MiniMax quietly releases its first Vincent video model_Eastern Fortune Network
- On August 31, MiniMax quietly released its first large model for video generation, and at the same time released a 2-minute video "Magic Coin" generated by the MiniMax...
- It is worth noting that MiniMax has not yet released the specific parameters and technical points of the model.
- According to him, the current video generation model is only the first version, and a new version will be released soon.
On August 31, MiniMax quietly released its first large model for video generation, and at the same time released a 2-minute video “Magic Coin” generated by the MiniMax large model.
It is worth noting that MiniMax has not yet released the specific parameters and technical points of the model. On the same day, Yan Junjie, the founder of MiniMax, said in an interview with Jiemian News and other media that “we have indeed made great progress in video model generation. According to internal evaluation and running scores, our (generated video) effect is better than Runway.”
According to him, the current video generation model is only the first version, and a new version will be released soon. It will continue to iterate in terms of data, algorithm itself, usage details, etc. Currently, only text-generated videos are provided. In the future, image-generated videos and text + image-generated videos will be released one after another.
“Our strategy is to wait another week or two. Once the new things reach a satisfactory state, we may consider commercialization,” Yan Junjie further stated.
Currently, MiniMax’s commercialization consists of two parts: the open platform has more than 2,000 customers. Secondly, the company’s products also have advertising mechanisms. “At this stage, the most important thing is not commercialization, but the technology can reach a level of widespread availability,” Yan Junjie said.
However, compared with Kuaishou KeLing, MiniMax launched its video generation model one or two months later.

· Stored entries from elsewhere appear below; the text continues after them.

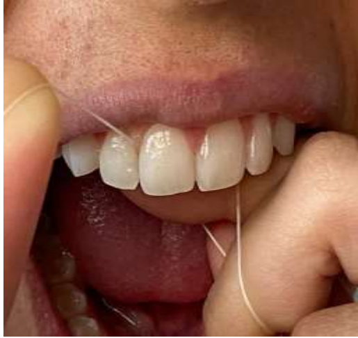
Figura 8. Wa caxumxà to axwa corê cakê.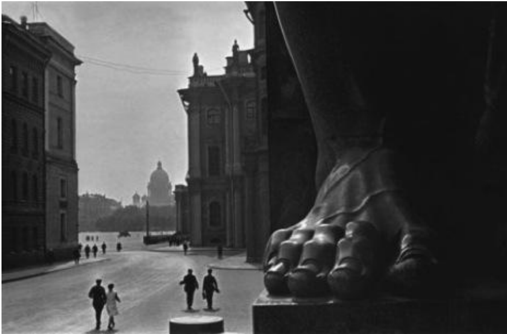
фотография начала 30-х годов XX века Бориса Игнатовича — классика отечественной фотографии.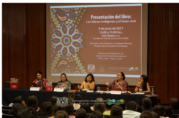
Presentación del libro: Las líderes indígenas y el buen vivir 09 de junio 2017, Facultad de Filosofía y Letras UNAM, Aula Magna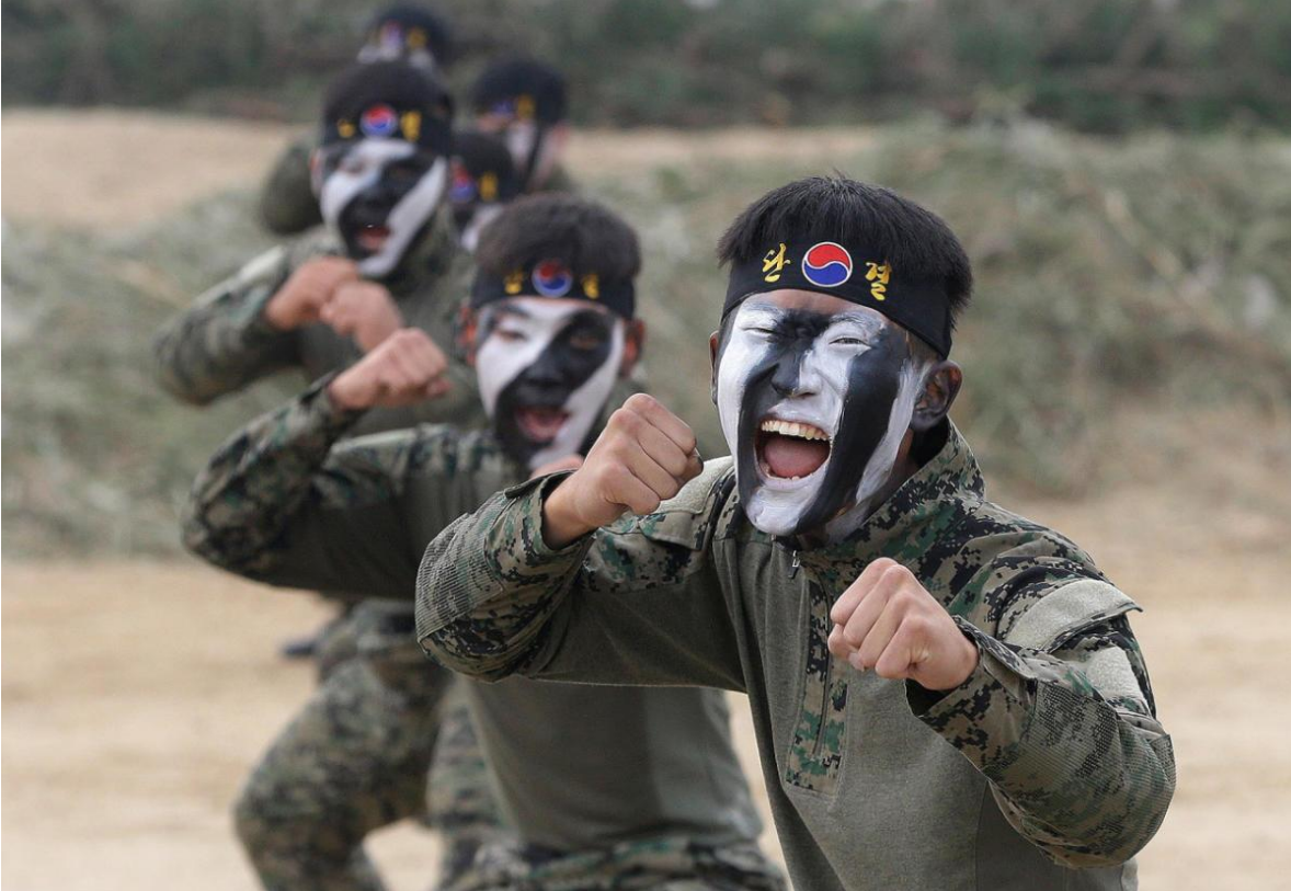
Las Fuerzas Especiales, son un cuerpo muy valorado en Corea del Sur. Su entrenamiento es permanente y altamente exigente. Están preparados para actuar en su propio territorio y también tras las líneas enemigas.

Cabe señalar que la actual administración ha iniciado un programa de auto-defensa, que busca que Corea del Sur sea capaz de contrarrestar totalmente la amenaza convencional de Corea del Norte con medios puramente nacionales (industria) en las próximas dos décadas. No hay que olvidar que Corea del Norte posee armas nucleares.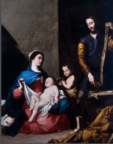
José de Ribera. La Sagrada Familia . 1639

Yan Junjie explained that during this period, the team has been solving more difficult technical problems – how to train content with higher computing power. The difficulty lies in training video generation capabilities, which requires first turning videos into tokens. These tokens are very long, and the longer they are, the higher the complexity. In the end, the MiniMax team continuously reduced the complexity through algorithms, and the compression rate became higher, so the release time was delayed by one or two months.
But he also said that whether it is video, text, or sound, the core research and development idea of the MiniMax team is not to find a way to improve the algorithm by 5% or 10%. “If it can be improved several times, it must be done. If it only improves by 5%, it is not worth doing.”
When asked why we must produce text-based videos, Yan Junjie believes that the essence is that most of the content consumed by humans every day is pictures, texts and videos, and text accounts for a small proportion. In order to achieve higher user coverage and usage, the only way is to output multimodal content, rather than simply outputting text content. We must do multimodality, and this route is consistent.
There is a certain degree of difficulty in generating large models from videos. Yan Junjie explained that the complexity of working with videos is more difficult than working with texts, and the contextual text of videos is naturally very long and difficult to process.
Secondly, the video volume is very large. For example, a 5-second video is several megabytes, and 100 words may be less than 1K, which means there is a storage gap of several thousand times.
The challenge of generating video models is that the underlying infrastructure previously built based on text is not suitable for video generation, such as how to process, clean and label data, which means that the infrastructure also needs to be upgraded.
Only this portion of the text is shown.